---
license: apache-2.0
datasets:
- HuggingFaceTB/finemath
language:
- en
base_model:
- meta-llama/Llama-3.2-3B
---

# Model Card

## Model summary

This is a continual-pre-training of [Llama-3.2-3B](https://huggingface.co/meta-llama/Llama-3.2-3B) on a mix of  📐 [FineMath](https://huggingface.co/datasets/HuggingFaceTB/finemath) (our new high quality math dataset) and [FineWeb-Edu](https://huggingface.co/datasets/HuggingFaceFW/fineweb-edu).

The model demonstrates superior math performance compared to Llama 3.2 3B, while maintaining similar performance on knowledge, reasoning, and common sense benchmarks:

![image/png](https://cdn-uploads.huggingface.co/production/uploads/61c141342aac764ce1654e43/HZ6KOc8IVXXOABrdv0dyK.png)

It was trained on **160B tokens** using a mix of 40% FineWeb-Edu and 60% from FineMath (30% FineMath-4+ subset and 30% InfiWebMath-4+ subset). We use [nanotron](https://github.com/huggingface/smollm/tree/main/pre-training/continual-pretraining) for the training, and you can find the training scripts in our [SmolLM2 GitHub repo](https://github.com/huggingface/smollm).

## Use

### Intended use

This model was trained on English math data and is not instruction-tuned, making it intended for text completion in English.

### Generation

```python
# pip install -q transformers
from transformers import AutoModelForCausalLM, AutoTokenizer

model = "HuggingFaceTB/FineMath-Llama-3B"
device = "cuda" # for GPU usage or "cpu" for CPU usage

tokenizer = AutoTokenizer.from_pretrained(model)
model = AutoModelForCausalLM.from_pretrained(model).to(device)

inputs = tokenizer.encode("Machine Learning is", return_tensors="pt").to(device)
outputs = model.generate(inputs)
print(tokenizer.decode(outputs[0]))
```

## Intermediate checkpoints 

We are releasing intermediate checkpoints for this model at intervals of every 10000 training steps (10B tokens) in separate branches. The naming convention is `10B`.

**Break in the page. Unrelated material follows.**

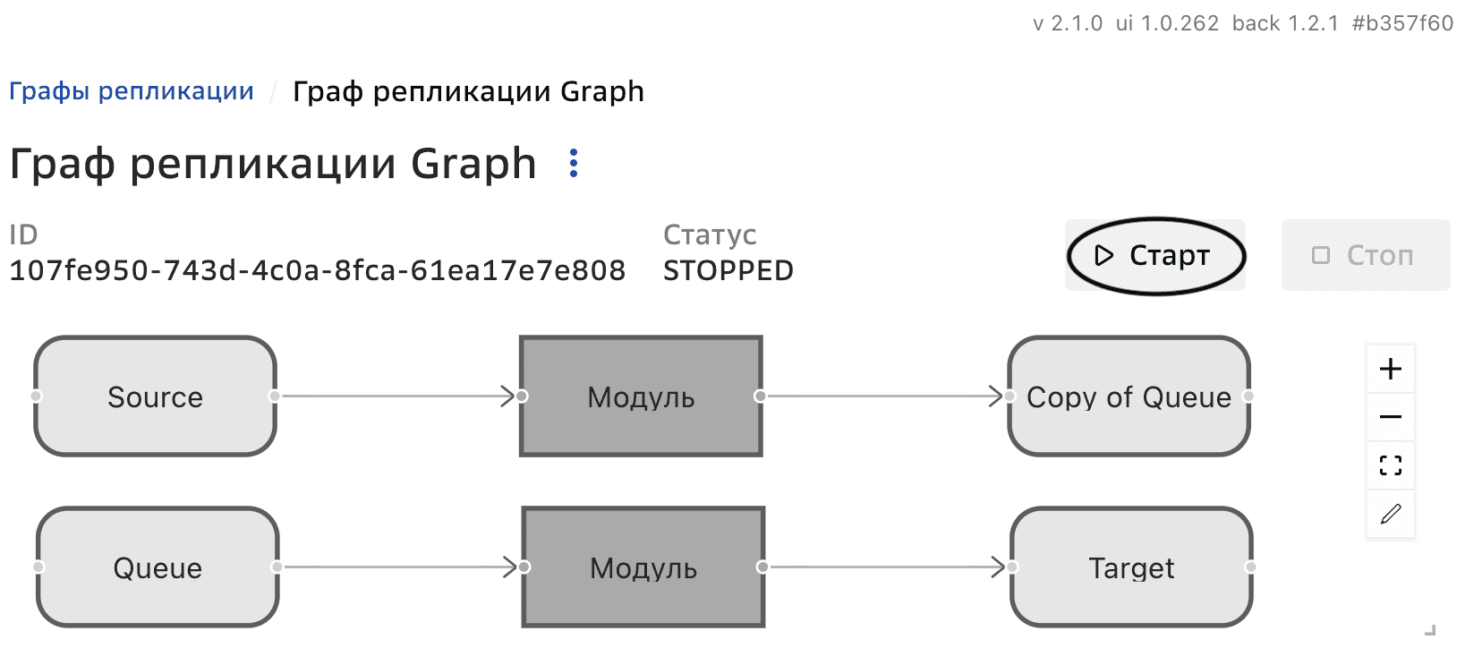 Запущенный граф: статус RUNNING рядом с названием графа в списке графов; |

You can load a specific model revision with `transformers` using the argument `revision`:
```python
model = AutoModelForCausalLM.from_pretrained("HuggingFaceTB/FineMath-Llama-3B", revision="10B")
```
You can access all the revisions for the models via the following code:
```python
from huggingface_hub import list_repo_refs
out = list_repo_refs("HuggingFaceTB/FineMath-Llama-3B")
print([b.name for b in out.branches])
```

## Training
### Model
- **Architecture**: Llama3  
- **Pretraining steps**: 160k
- **Pretraining tokens**: 160B
- **Precision**: bfloat16

### Hardware
- **GPUs**: 64 H100

### Software
- [nanotron](https://github.com/huggingface/nanotron/) for training
- [datatrove](https://github.com/huggingface/datatrove) for tokenization
- [lighteval](https://github.com/huggingface/lighteval) for evaluation
  
## Evaluation
We used the SmolLM2 setup to evaluate all our ablation models with `lighteval`. You can find the details here: https://github.com/huggingface/smollm/tree/main/evaluation#smollm2-base-models

## Limitations
This model was predominantly trained on English math data, potentially limiting its performance in other languages. Furthermore, the model's behavior is influenced by the quality and diversity of its training data, which may include biases and harmful content.